Whether you admit it or not, the rise of data science, machine learning, and artificial intelligence is acting as a boon in the 21st century. Humans nowadays are defeated by artificial intelligence. If you look around, you will find many related examples to this. In the adoption of machine learning, organizations need to maintain their human understanding and capacity to oversee and manage the trending technologies. Machine learning is not a panacea for cybersecurity but it allows the introduction of intelligence to the first level of defense against cyber threats for an organization. Various subjects of cybersecurity have been made more powerful with machine learning. These may include spam filters, IDS/IPS systems, false alarm rate reduction, fraud detection, cybersecurity rating, incident forecasting, and secure user authentication systems.
The best badass hackers and security professionals utilize machine learning to break and secure systems. Through this blog, let us discuss the fundamental concepts of using machine learning in cybersecurity and real-time examples of its utilization.

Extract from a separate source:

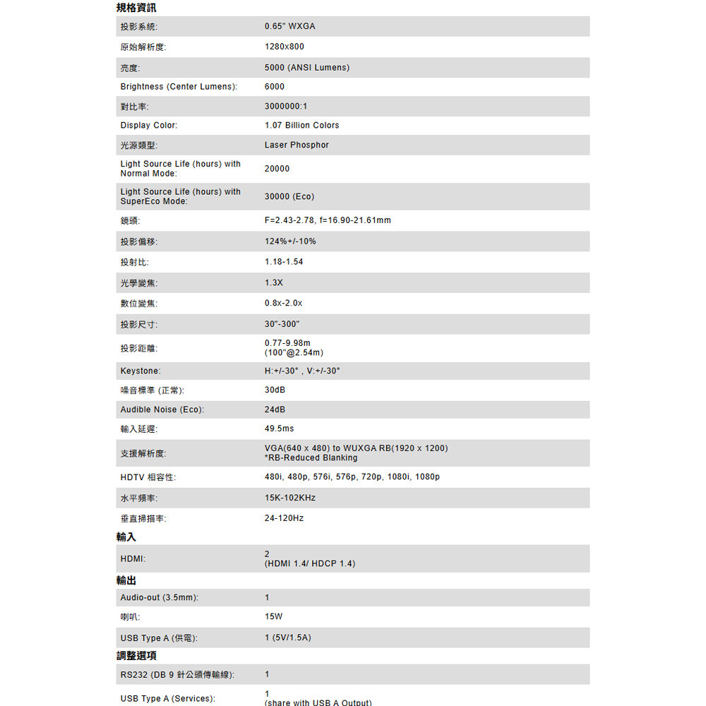 -第三代雷射光源技術,實現最長 30,000 小時的光源壽命
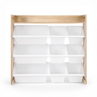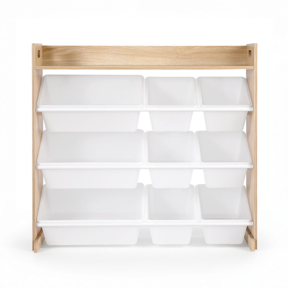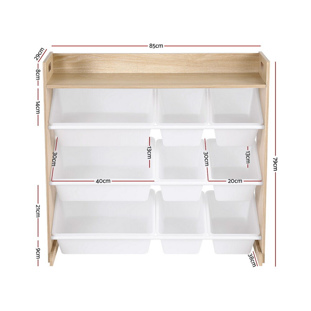 The Keezi Kids Toy Box Organiser brings cheerful organisation to any child's space with its practical 9-bin storage system. Featuring both large and small removable bins arranged across 3 tiers, an open shelf to display and storage, this unit makes tidy-up time fun and accessible for little hands. The child-safe design includes smooth rounded edges, comfortable handles and anti-tip protection, while the white and wooden finish complements most room décors. Perfect for storing toys, books, art supplies and more, this organiser helps develop good habits while keeping belongings neat and accessible.

Machine learning in the domain of cybersecurity
Machine learning in the cybersecurity domain is recognizing cyber-attacks to support humans in order to manage and protect their systems effectively. There was a time when software has been developed to manage various functions like mathematical calculations that are tough to handle for human beings. And then the demand for humans increased more. After this, the next step was to elongate the capability of software by implementing artificial intelligence and machine learning techniques. With the advancement of technology, the amount of data to be produced was getting bigger and bigger every minute, every hour, and every day. This led to the rise of “big data” and due to this systems became more intelligent for processing and getting a smarter sense of data. Now, as per the development of technology, many algorithms were developed (and still developing). These algorithms are now used for research areas, image processing, speech recognition, biomedical area, and in the domain of cybersecurity as well.
The purpose of machine learning in cybersecurity is to provide a mechanism to software as normal people do. The domain of cybersecurity is an important research stream to work upon. Taking a glance at the stats of previous years, the Centre for Strategic and International Studies in 2014 estimated annual costs to the global economy caused by cybercrimes were between $375 billion and $575 billion. Other resources may differ; the average cost of a data breach incident to large companies is over $3 million. Researchers have developed some intelligent systems for the cybersecurity domain with the purpose of reducing this cost.
Big data and Machine learning for cybersecurity
Albeit big data doesn’t equate to a particular volume of data, the term is regularly used to portray terabytes, petabytes, and even exabytes of data caught after some time. With the initiation of far-reaching utilization of IoT technology, the data to be processed will become significantly bigger in the future. Big data and machine learning are the two components that complement each other. If we need to break down Big Data, we need to utilize Machine Learning strategies, then we need to make an intelligent framework utilizing AI we need to utilize a huge amount of data. Deep learning is one of the most drifting themes in machine learning. Since this strategy permits to increase of high accuracy for intelligent frameworks with the intensity of big data.
Role of Machine Learning in Cyber Security
Machine learning in cybersecurity will boost spending in big data, artificial intelligence (AI), and analytics to $96 billion by 2021, while some of the world’s technology giants are already taking a stand to better protect their own customers.
- Utilizing machine learning to recognize malignant action and stop assaults :-
Machine learning algorithms will assist organizations with detecting malignant movement quicker and stop assaults before they begin. David Palmer says that Dark trace recently helped one casino in North America when its algorithms detected a data exfiltration attack that used a connected fish tank as the entryway into the network.
- Utilizing machine learning to dissect mobile endpoints:-
Machine learning is now going standard on cell phones, yet hitherto the greater part of this movement has been for driving improved voice-put together encounters with respect to any experiences of Google Now, Apple’s Siri, and Amazon’s Alexa. However, there is an application for security as well. Google is also utilizing machine learning to dissect threats against mobile endpoints, while the organization is seeing a chance to ensure the developing number of bring-your-own and pick-your-own cell phones. Each organization uses its own machine learning algorithm to detect potential threats.
Sairam Uppugundla is the CEO and founder of Codegnan IT Solutions. With a strong background in Computer Science and over 10 years of experience, he is committed to bridging the gap between academia and industry.
Sairam Uppugundla’s expertise spans Python, Software Development, Data Analysis, AWS, Big Data, Machine Learning, Natural Language Processing (NLP) and more.
He previously worked as a Board Of Studies Member at PB Siddhartha College of Arts and Science. With expertise in data science, he was involved in designing the Curriculum for the BSc data Science Branch. Also, he worked as a Data Science consultant for Andhra Pradesh State Skill Development Corporation (APSSDC).